1. Field of the Invention
This invention pertains generally to liquid injectors, and more particularly to an apparatus and method for ejecting liquid from a microdevice.
2. Description of the Background Art
Liquid droplet injectors are widely used for printing in inkjet printers. Liquid droplet injectors, however, can also be used in a multitude of other potential applications, such as fuel injection systems, cell sorting, drug delivery systems, direct print lithography, and micro jet propulsion systems, to name a few. Common to all these applications, a reliable and low-cost liquid droplet injector which can supply high quality droplets with high frequency and high spatial resolution, is highly desirable.
Only several devices have the ability to eject liquid droplets individually and with uniform droplet size. Among the liquid droplet injection systems presently known and used, injection by a thermally driven bubble has been most successful of such devices due to its simplicity and relatively low cost.
Thermally driven bubble systems, which are also known as bubble jet systems, suffer from cross talk and satellite droplets. The bubble jet system uses a current pulse to heat an electrode to boil liquid in a chamber. As the liquid boils, a bubble forms in the liquid and expands, functioning as a pump to eject a column of liquid from the chamber through an orifice, which forms into droplets. When the current pulse is terminated, the bubble collapses and liquid refills the chamber by capillary force. The performance of such a system can be measured by the ejection speed and direction, size of droplets, maximum ejection frequency, cross talk between adjacent chambers, overshoots and meniscus oscillation during liquid refilling, and the emergence of satellite droplets. During printing, satellite droplets degrade image sharpness, and in precise liquid control, they reduce the accuracy of flow estimation. Cross talk occurs when bubble jet injectors are placed in arrays with close pitch, and droplets eject from adjacent nozzles.
Most thermal bubble jet systems place a heater at the bottom of the chamber, which loses significant energy to the substrate material. Additionally, bonding is typically used to attach the nozzle plate to its heater plate, which limits nozzle spatial resolution due to the assembly tolerance required. Moreover, the bonding procedure may not be compatible with IC precess, which could be important if the integration of microinjector array with controlling circuit is desired to reduce wiring and to ensure compact packaging.
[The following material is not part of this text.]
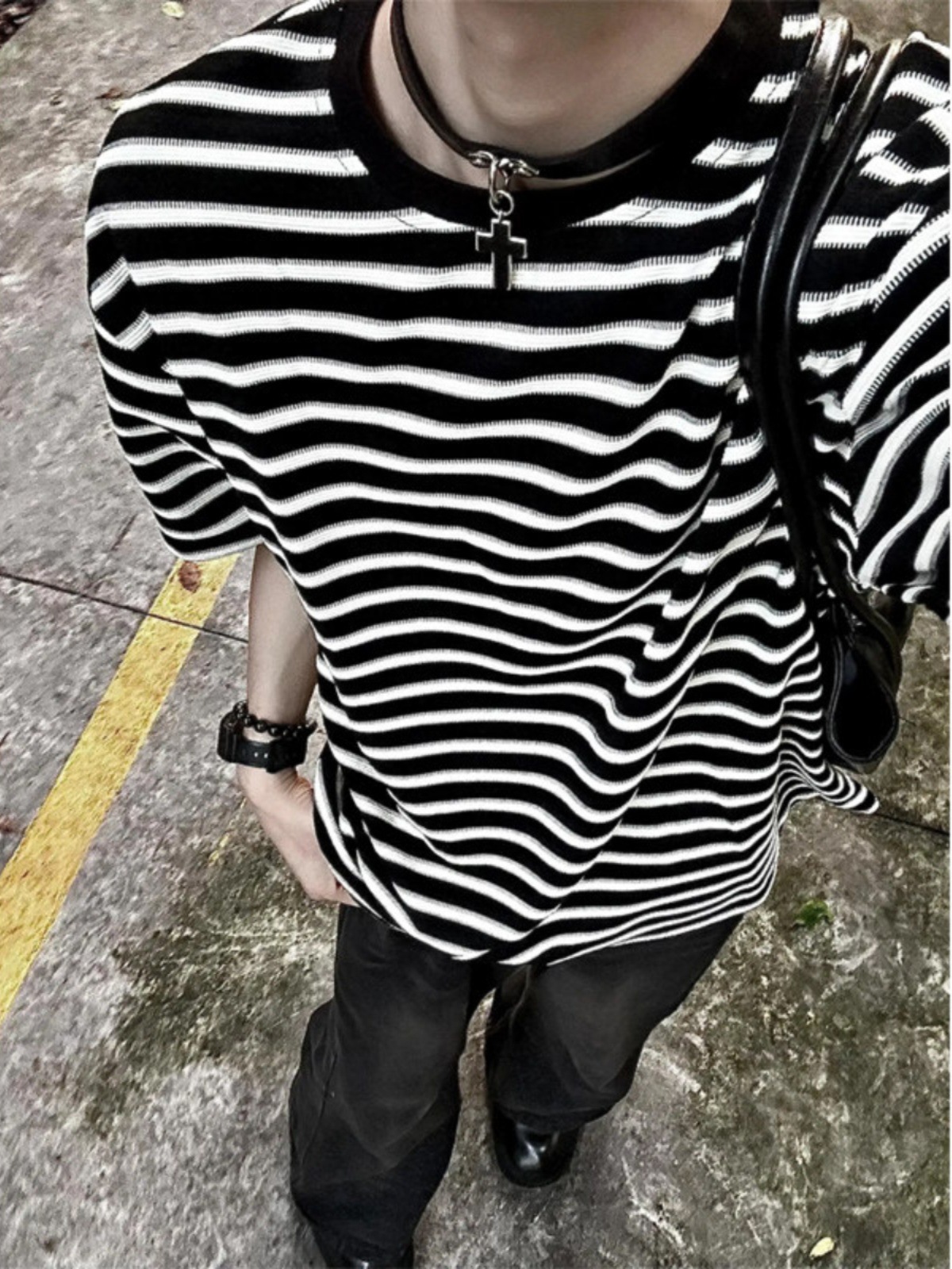 Cleanfit 黒と白のストライプ半袖メンズ夏 300 グラムヘビーウェイトスモールネック Tシャツヘビーウェイトアメリカンルーズ半袖

To solve cross talk and overshoot problems, it has typically been the practice to increase the channel length or adding chamber neck to increase fluid impedance between the chamber and reservoir. However, these practices slow the refilling of liquid into the chamber and greatly reduce the maximum injection frequency of the device.
The most troublesome problem with existing inkjet systems is satellite droplet because it causes image blurring. The satellite droplets that trail the main droplet hit the paper surface at slightly different locations than the main one as the printhead and paper are in relative motion. There is no known effective means or method to solve the satellite droplet problem that is readily available and economical.
Accordingly, there is a need for a liquid droplet injection system that minimizes cross talk without slowing down the liquid refilling rate, thereby maintaining a high frequency response while eliminating satellite droplets, all without adding complexity to the design and manufacturing. The present invention satisfies thess needs, as well as others, and generally overcomes the deficiencies found in the background art.